Data records:
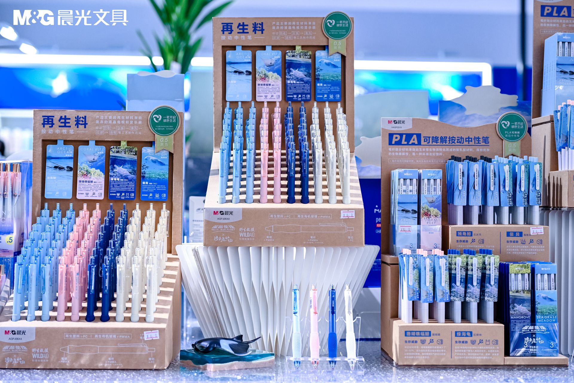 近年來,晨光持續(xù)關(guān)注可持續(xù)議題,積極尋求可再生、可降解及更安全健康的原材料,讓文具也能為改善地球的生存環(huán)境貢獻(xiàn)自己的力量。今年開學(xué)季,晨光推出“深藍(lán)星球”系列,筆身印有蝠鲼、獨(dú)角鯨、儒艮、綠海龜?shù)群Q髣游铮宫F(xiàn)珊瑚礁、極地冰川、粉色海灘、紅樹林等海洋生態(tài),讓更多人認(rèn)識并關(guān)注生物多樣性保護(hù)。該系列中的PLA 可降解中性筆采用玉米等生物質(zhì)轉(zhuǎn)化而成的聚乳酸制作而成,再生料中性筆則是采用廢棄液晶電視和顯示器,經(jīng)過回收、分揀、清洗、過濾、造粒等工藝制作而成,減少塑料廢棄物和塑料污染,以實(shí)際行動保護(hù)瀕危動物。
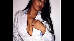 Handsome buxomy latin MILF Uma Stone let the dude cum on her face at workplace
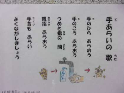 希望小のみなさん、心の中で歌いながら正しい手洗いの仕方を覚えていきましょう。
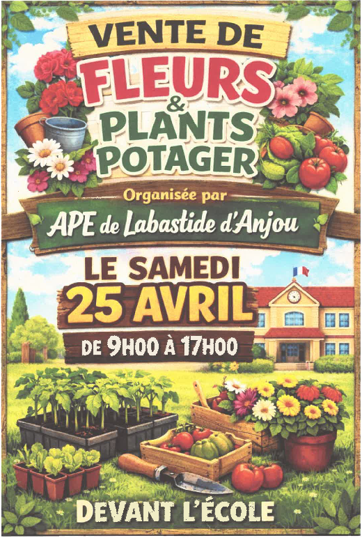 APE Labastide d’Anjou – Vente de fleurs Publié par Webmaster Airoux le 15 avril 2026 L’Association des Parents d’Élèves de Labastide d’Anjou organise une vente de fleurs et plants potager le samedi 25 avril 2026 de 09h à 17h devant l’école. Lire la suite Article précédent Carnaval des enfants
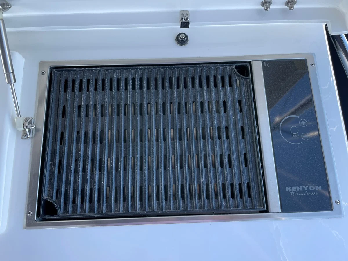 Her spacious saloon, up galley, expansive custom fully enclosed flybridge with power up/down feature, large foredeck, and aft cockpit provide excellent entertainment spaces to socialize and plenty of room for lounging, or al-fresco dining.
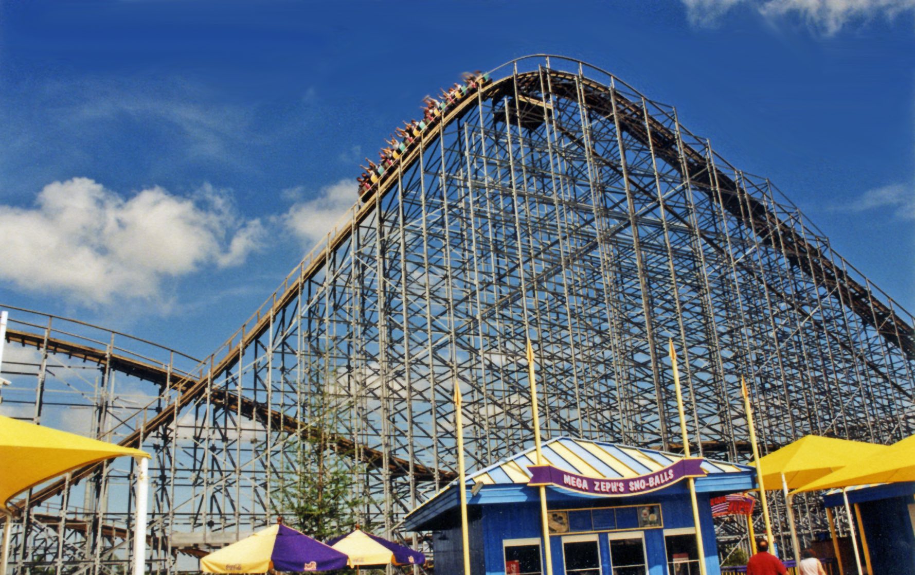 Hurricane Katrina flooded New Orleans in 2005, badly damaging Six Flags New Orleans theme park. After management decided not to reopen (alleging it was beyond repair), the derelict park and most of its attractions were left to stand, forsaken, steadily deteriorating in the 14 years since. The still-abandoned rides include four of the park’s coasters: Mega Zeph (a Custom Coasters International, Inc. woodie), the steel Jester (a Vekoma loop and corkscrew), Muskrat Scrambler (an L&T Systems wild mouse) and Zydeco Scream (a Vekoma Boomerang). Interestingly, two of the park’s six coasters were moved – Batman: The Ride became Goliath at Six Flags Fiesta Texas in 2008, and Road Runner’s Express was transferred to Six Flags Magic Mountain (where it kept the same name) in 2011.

How to complete this task — From the first line to the last, please copy the data exactly, with the pictures left out.

Answer to this task —
 近年來,晨光持續(xù)關(guān)注可持續(xù)議題,積極尋求可再生、可降解及更安全健康的原材料,讓文具也能為改善地球的生存環(huán)境貢獻(xiàn)自己的力量。今年開學(xué)季,晨光推出“深藍(lán)星球”系列,筆身印有蝠鲼、獨(dú)角鯨、儒艮、綠海龜?shù)群Q髣游铮宫F(xiàn)珊瑚礁、極地冰川、粉色海灘、紅樹林等海洋生態(tài),讓更多人認(rèn)識并關(guān)注生物多樣性保護(hù)。該系列中的PLA 可降解中性筆采用玉米等生物質(zhì)轉(zhuǎn)化而成的聚乳酸制作而成,再生料中性筆則是采用廢棄液晶電視和顯示器,經(jīng)過回收、分揀、清洗、過濾、造粒等工藝制作而成,減少塑料廢棄物和塑料污染,以實(shí)際行動保護(hù)瀕危動物。
 Handsome buxomy latin MILF Uma Stone let the dude cum on her face at workplace
 希望小のみなさん、心の中で歌いながら正しい手洗いの仕方を覚えていきましょう。
 APE Labastide d’Anjou – Vente de fleurs Publié par Webmaster Airoux le 15 avril 2026 L’Association des Parents d’Élèves de Labastide d’Anjou organise une vente de fleurs et plants potager le samedi 25 avril 2026 de 09h à 17h devant l’école. Lire la suite Article précédent Carnaval des enfants
 Her spacious saloon, up galley, expansive custom fully enclosed flybridge with power up/down feature, large foredeck, and aft cockpit provide excellent entertainment spaces to socialize and plenty of room for lounging, or al-fresco dining.
 Hurricane Katrina flooded New Orleans in 2005, badly damaging Six Flags New Orleans theme park. After management decided not to reopen (alleging it was beyond repair), the derelict park and most of its attractions were left to stand, forsaken, steadily deteriorating in the 14 years since. The still-abandoned rides include four of the park’s coasters: Mega Zeph (a Custom Coasters International, Inc. woodie), the steel Jester (a Vekoma loop and corkscrew), Muskrat Scrambler (an L&T Systems wild mouse) and Zydeco Scream (a Vekoma Boomerang). Interestingly, two of the park’s six coasters were moved – Batman: The Ride became Goliath at Six Flags Fiesta Texas in 2008, and Road Runner’s Express was transferred to Six Flags Magic Mountain (where it kept the same name) in 2011.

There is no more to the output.